Hello all, I am trying to do my home work and even after following the instructions in the book for the practice problem I am having an error that I don't know how to fix. I was hoping that some one could look at it and let me know what I did wrong.... Thanks :) 

 

Any help would be apricated. :) 

LeAnna

5 Replies

@nightstar73 

You missed the @ sign. It refers to the current row.

=IF(OR([@Store]="Bonham",[@Store]="Graham"),[@[Current Salary]]*0.035,[@[Current Salary]]*0.025)

 

@nightstar73 

If you really want to use spilt dynamic arrays, the calculation has to be performed externally to the table because tables and multi-cell DA are not compatible.
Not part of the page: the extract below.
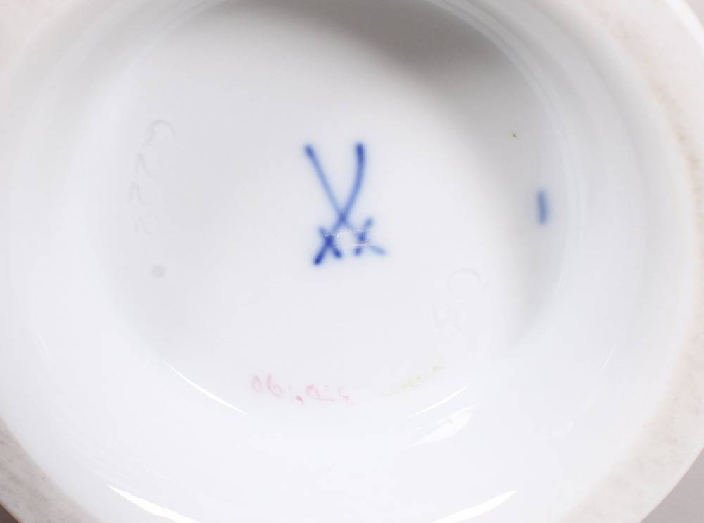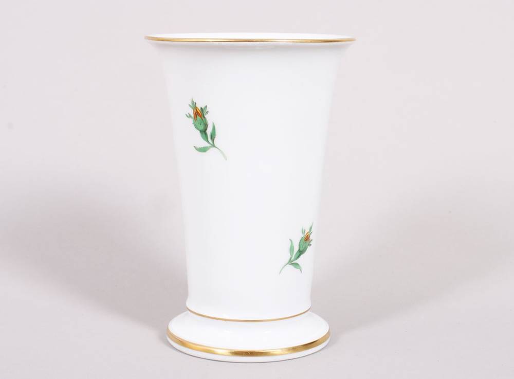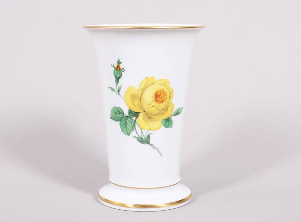 Porzellan, polychrom bemalt, mit Goldrändern und -bänder, auf rundem Fuß konischer Korpus mit leicht ausgestelltem Rand, schauseitig große gelbe Rose mit umlaufenden Rosenknospen, im Boden unterglasurblaue Schwertermarke (2-fach durchschliffen) mit Pressnummern, H ca. 13cm, leichte Gebrauchsspuren im Korpusinneren
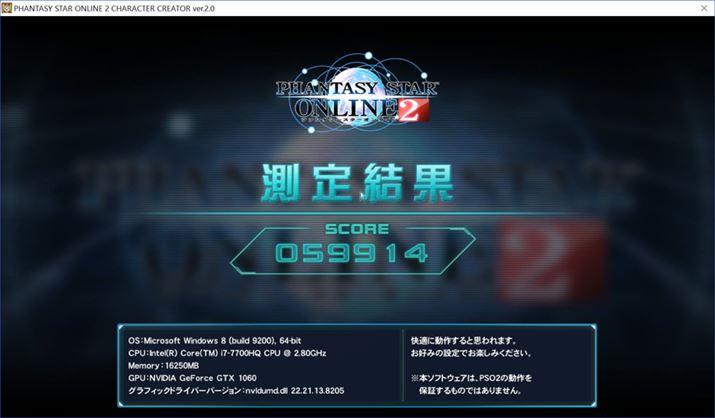 「ファンタシースターオンライン2」の公式ベンチマークでも「快適に動作すると思われます」という結果を得られた

The formula

= IF(
  (EmployeeTbl[Store]="Bonham")+(EmployeeTbl[Store]="Graham"),
   EmployeeTbl[Current Salary] * 0.035,
   EmployeeTbl[Current Salary] * 0.025 )

shows a number of changes.  The references to the Table are now full column references and the Boolean OR function becomes a numeric + (plus) operation.

@nightstar73 

As a comment, this block, as entire related university course was designed for Excel 2016. If follow instructions like this

image.png

it works in Excel which doesn't support dynamic arrays (2016, 2019). More modern Excel on subscription model (365) requires more careful building of formulas, in this case as @Detlef Lewin suggested. At the same time it gives more possibilities, with next course on dynamic arrays you may use @Peter Bartholomew advice.

@Sergei Baklan Yes that is the pic from my book :) 

 

I still don't understand what I did wrong, I copied the formula from the book exactly. It didn't have an @symbols like one person had suggested so I'm not sure that I needed them in this version. 

@nightstar73 

You clearly do need them in this version.  You are following instructions written for traditional Excel which changed your references to a column to be a reference to the single cell on the same row as the formula.  To reference the entire column you used to need to commit the formula using Ctrl+Shift+Enter (an array formula). 

 

Now it is the other way round.  Excel 365 will default to the array formula and only return a single cell if you instruct it to do so using the '@' operator.  This comes as a shock to many Excel users but it enables solutions to be build far more logically.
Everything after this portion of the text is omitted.